Criticized and even sued by luxury brand Gucci and others for facilitating the counterfeit goods trade, Chinese e-commerce giant Alibaba Group Holding Ltd (阿里巴巴) has been quietly piloting a scheme to try to curb fakes at source.
In the coastal city of Putian, in Fujian Province, Alibaba is working with 17 shoe manufacturers to cultivate homegrown brands online, revitalize a flagging industry and offer would-be counterfeiters an alternative source of livelihood.
Critics say the scheme is misguided and Alibaba should instead focus on scrubbing its online marketplaces of widespread listings of fakes.
However, the “Made in China” plan speaks to what proponents say is one of the reasons why there has been only limited progress in the battle against fake goods in China: A lack of attractive alternatives for those making and hawking goods that infringe on others’ intellectual property rights.
“You can crack down forever and never see an end to it,” said Song Zonghu (宋宗虎), who once peddled counterfeit brand-name sneakers and now runs Shuangwei Sporting Goods Co Ltd (雙威體育用品公司), one of the firms in the Alibaba program. “Creating new opportunities while cracking down is the way to go. Everybody has to eat.”
Alibaba senior director of Internet security Ni Liang (倪良) said the scheme is a key anti-counterfeit initiative this year.
The group plans to expand it to household electronics, toys, bags and other industries, hoping that by building local brands, small manufacturers are more likely to turn away from fakes and serve a legitimate sector.
Putian is the epicenter of China’s high-quality fake sneaker business, a byproduct of a legitimate footwear industry that employs one-tenth of the city’s 3 million people. Copies of Nike Inc, Adidas AG, New Balance Athletic Shoe Inc products and other brand-name shoes made here are hard to distinguish from the real deal, but sell for a fraction of the price.
The municipal government has cracked down on fakes, arresting 156 people and confiscating about 2 million pairs of counterfeit footwear since last year, Putian e-commerce office director Wu Haiduan (吳海端) said. He declined to give an estimate of the overall size of the industry, but a grid of Putian’s sleepy daytime streets near government offices comes alive at night, offering hints as to the scale of the issue.

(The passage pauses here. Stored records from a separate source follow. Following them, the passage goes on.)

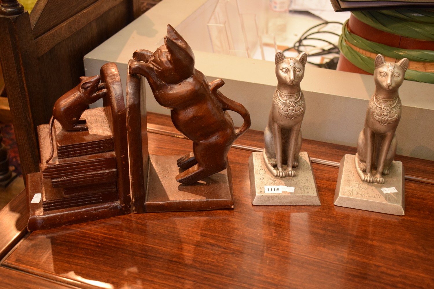 TWO PAIRS OF BOOKENDS FEATURING CATS AND MICE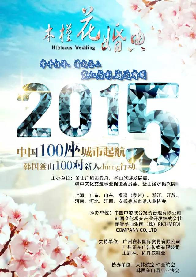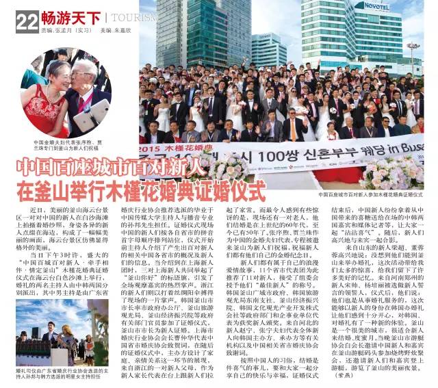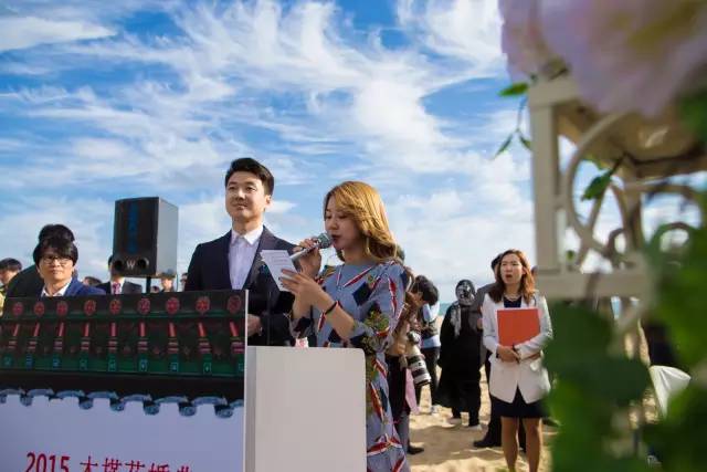 下午3时许,来自中国百城百对新人牵手相恋,情定釜山的木槿花婚典盛大的证婚仪式在海云台白色沙滩上举行,两名婚礼主持人由中韩两国分别派出,其中男主持是由广东省婚庆行业协会推荐选派的毕业于中国传媒大学主持人与播音专业的孙邦先生担任。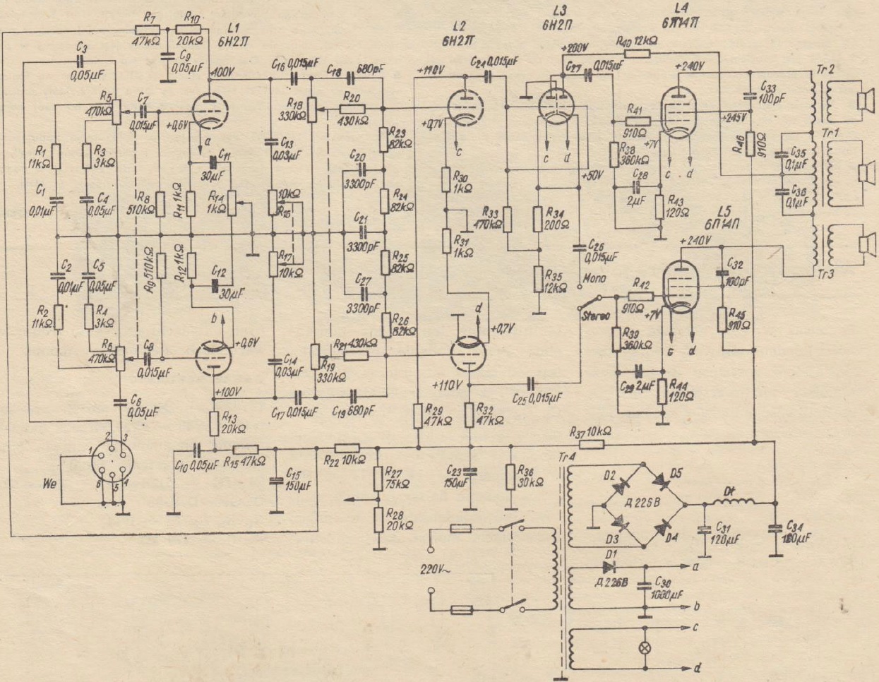 Dwa pierwsze stopnie wzmocnienia z lampami L1 i L2 tworzą dwa identyczne kanały. Regulator wzmocnienia znajduje się na wejściu (R5, R6), a regulatory basów i tonów wysokich - pomiędzy stopniami (R18, R19 oraz R16, R17). Do regulowania równowagi kanałów (balans) służy potencjometr R14. Kondensatory C9 i C10 wpływają na podniesienie tonów najniższych. Ważną rolę odgrywa układ RC składający się z czterech oporników (R23 - R26) i trzech kondensatorów (C20 - C22). Balansuje on oba kanały w odniesieniu do częstotliwości najmniejszych przetwarzanych za pomocą jednego głośnika.

Hundreds of scooters ferry shoes as runners duck in and out of off-brand storefronts or apartment blocks to fetch more boxes. Sellers check each shoe for blemishes, wielding scissors or cigarette lighters to eliminate stray threads and pencil erasers to clean the foam midsoles. Fake certificates and phony credit-card receipts are tucked in with the shoes.
Curbside courier services then wrap and stack the boxes ready to be trucked out by daybreak.
Alibaba has trained the shoe manufacturers in online business, helped on quality control and marketing, and run sales promotions. In one three-day campaign, the shoe brands sold more than 4 million pairs — or two every three seconds — worth 480 million yuan (US$77.4 million), Alibaba spokeswoman Crystal Liu said.
Sneakers are just the start.
“We’ve received more than 60 requests from other industries,” said Jeff Zhang (張建鋒), head of Alibaba’s domestic retail marketplaces, which include the Taobao (淘寶) and Tmall (天貓) shopping sites.
For most, the hope is that Alibaba can help retool local industry in the face of rising costs and shrinking overseas orders.
“They are all looking for a model that can help them upgrade their local manufacturing,” Zhang said.
Song sees the Alibaba scheme as an economic lifeline, and said the future of his Siweiqi (思威琪) brand canvas shoes, which resemble Converse All-Stars, depends on continued support with sales promotions and exposure.
“What we’ve seen so far is just a signal,” he said.
A sales bump is one thing, but building a successful brand is quite another, said Shaun Rein, managing director at China Market Research Group in Shanghai.
“It is kind of unlikely to be successful, because it is not so easy just to create a brand out of nowhere,” he said.
“For Alibaba, the key is to make a show that they are trying to crack down on fakes,” he said, adding that the company takes a cut on all sales — fake or legitimate.